» The problem
Find the line with "Axor Citterio Смеситель" in the records below. Output exactly from there until after the line with "[八字歌谱]落叶(《这里的黎明静悄悄》主题曲、五线谱/简谱对照)王莉-女歌手", without pictures.

» Records provided
^^^^^^^^

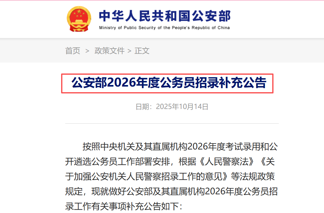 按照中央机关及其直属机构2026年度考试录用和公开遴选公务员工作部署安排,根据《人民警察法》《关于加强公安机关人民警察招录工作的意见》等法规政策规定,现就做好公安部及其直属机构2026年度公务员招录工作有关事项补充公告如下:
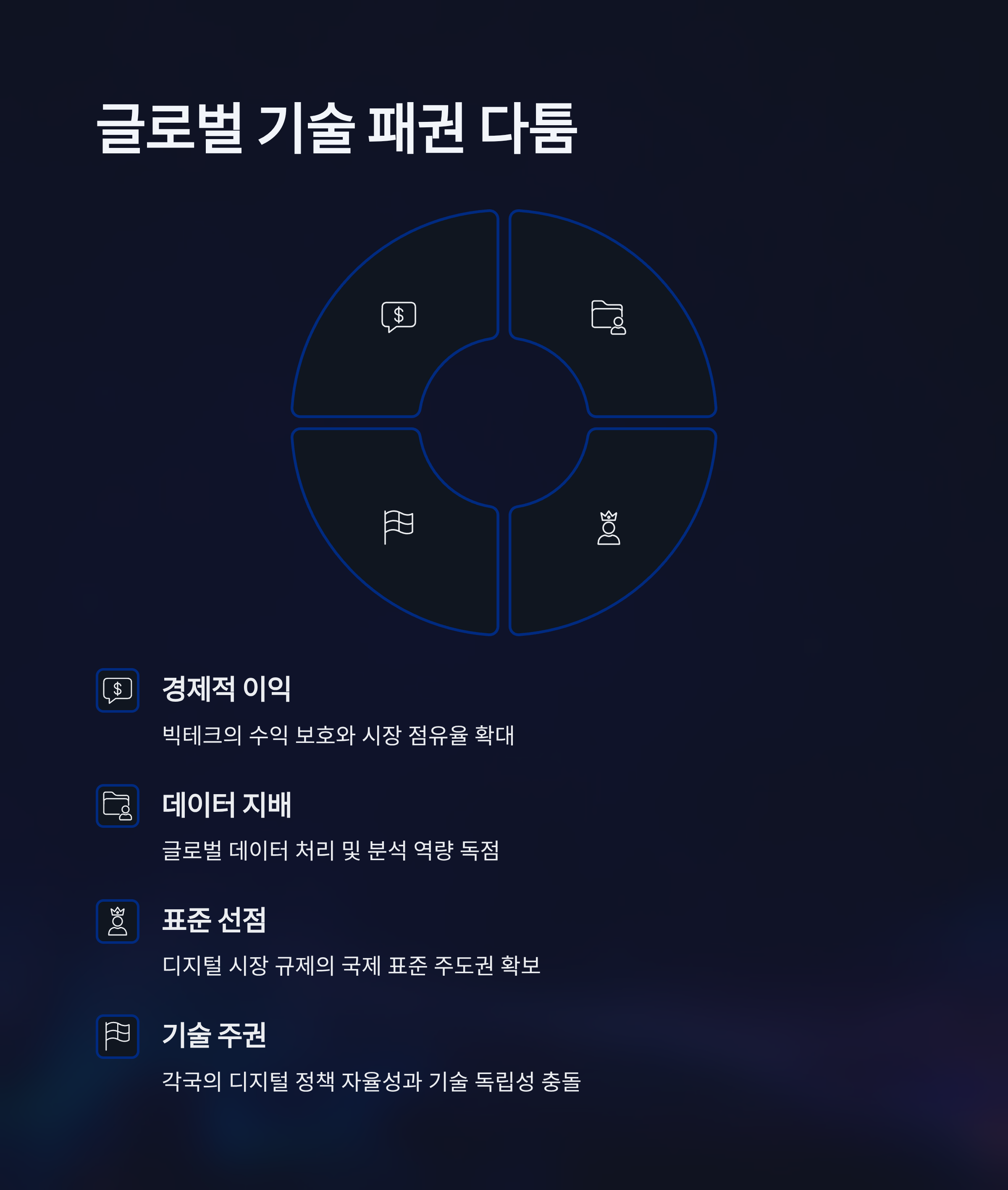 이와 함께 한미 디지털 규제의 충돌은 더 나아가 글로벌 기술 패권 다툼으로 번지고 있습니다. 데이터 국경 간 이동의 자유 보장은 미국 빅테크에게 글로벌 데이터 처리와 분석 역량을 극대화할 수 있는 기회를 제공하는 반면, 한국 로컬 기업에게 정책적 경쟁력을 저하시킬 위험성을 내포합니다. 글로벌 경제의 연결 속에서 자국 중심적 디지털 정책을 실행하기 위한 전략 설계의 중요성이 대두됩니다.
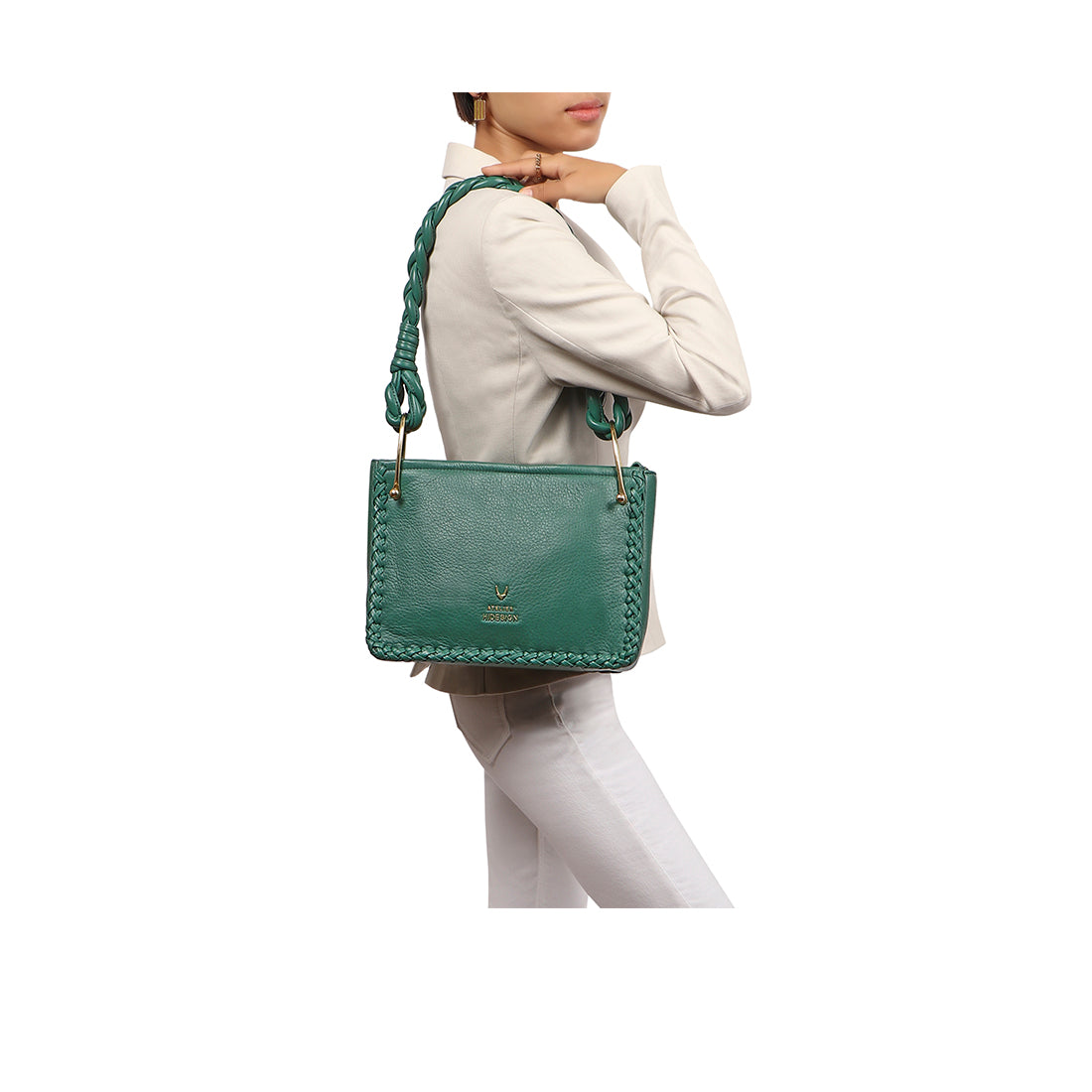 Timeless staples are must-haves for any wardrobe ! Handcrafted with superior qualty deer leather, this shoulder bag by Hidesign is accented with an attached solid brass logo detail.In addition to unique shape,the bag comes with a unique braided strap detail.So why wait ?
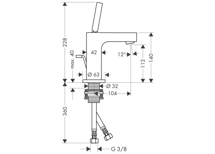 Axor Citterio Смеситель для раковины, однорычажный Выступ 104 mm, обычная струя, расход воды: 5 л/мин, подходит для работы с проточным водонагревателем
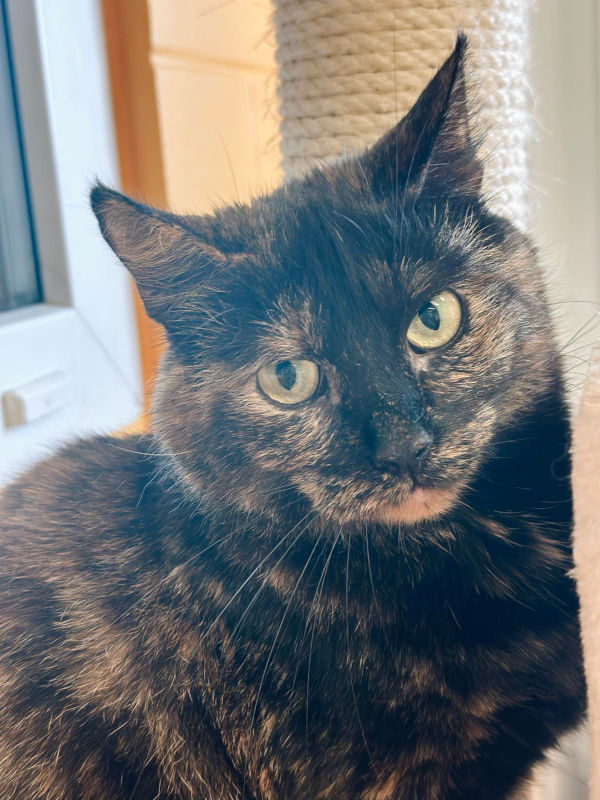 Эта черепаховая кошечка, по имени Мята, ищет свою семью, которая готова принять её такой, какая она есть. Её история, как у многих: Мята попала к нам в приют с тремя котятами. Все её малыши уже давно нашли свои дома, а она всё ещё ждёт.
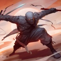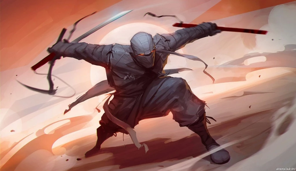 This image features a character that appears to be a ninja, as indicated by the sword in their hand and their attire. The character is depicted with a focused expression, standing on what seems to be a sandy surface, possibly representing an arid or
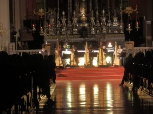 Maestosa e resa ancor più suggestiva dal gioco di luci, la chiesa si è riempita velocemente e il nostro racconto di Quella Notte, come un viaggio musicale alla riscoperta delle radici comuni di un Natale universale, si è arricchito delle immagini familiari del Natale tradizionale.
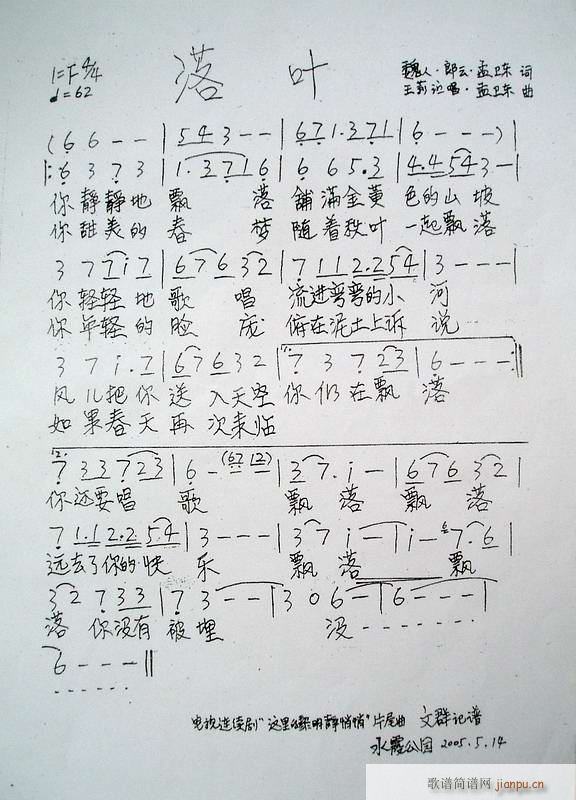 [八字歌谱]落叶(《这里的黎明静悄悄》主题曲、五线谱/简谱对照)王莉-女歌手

^^^^^^^^

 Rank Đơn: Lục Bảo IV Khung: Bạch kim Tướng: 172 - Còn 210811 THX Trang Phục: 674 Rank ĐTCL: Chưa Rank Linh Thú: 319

^^^^^^^^

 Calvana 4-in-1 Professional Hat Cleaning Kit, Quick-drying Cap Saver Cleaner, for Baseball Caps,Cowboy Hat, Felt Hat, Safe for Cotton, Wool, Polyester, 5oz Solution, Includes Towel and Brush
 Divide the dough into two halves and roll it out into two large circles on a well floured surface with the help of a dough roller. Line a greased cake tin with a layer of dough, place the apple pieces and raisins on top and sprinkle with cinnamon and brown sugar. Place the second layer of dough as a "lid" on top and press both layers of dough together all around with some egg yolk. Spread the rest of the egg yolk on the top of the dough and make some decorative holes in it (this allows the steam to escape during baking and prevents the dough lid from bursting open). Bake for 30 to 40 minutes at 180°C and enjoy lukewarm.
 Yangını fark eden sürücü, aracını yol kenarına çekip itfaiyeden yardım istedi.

^^^^^^^^

» Task answer
 Axor Citterio Смеситель для раковины, однорычажный Выступ 104 mm, обычная струя, расход воды: 5 л/мин, подходит для работы с проточным водонагревателем
 Эта черепаховая кошечка, по имени Мята, ищет свою семью, которая готова принять её такой, какая она есть. Её история, как у многих: Мята попала к нам в приют с тремя котятами. Все её малыши уже давно нашли свои дома, а она всё ещё ждёт.
 This image features a character that appears to be a ninja, as indicated by the sword in their hand and their attire. The character is depicted with a focused expression, standing on what seems to be a sandy surface, possibly representing an arid or
 Maestosa e resa ancor più suggestiva dal gioco di luci, la chiesa si è riempita velocemente e il nostro racconto di Quella Notte, come un viaggio musicale alla riscoperta delle radici comuni di un Natale universale, si è arricchito delle immagini familiari del Natale tradizionale.
 [八字歌谱]落叶(《这里的黎明静悄悄》主题曲、五线谱/简谱对照)王莉-女歌手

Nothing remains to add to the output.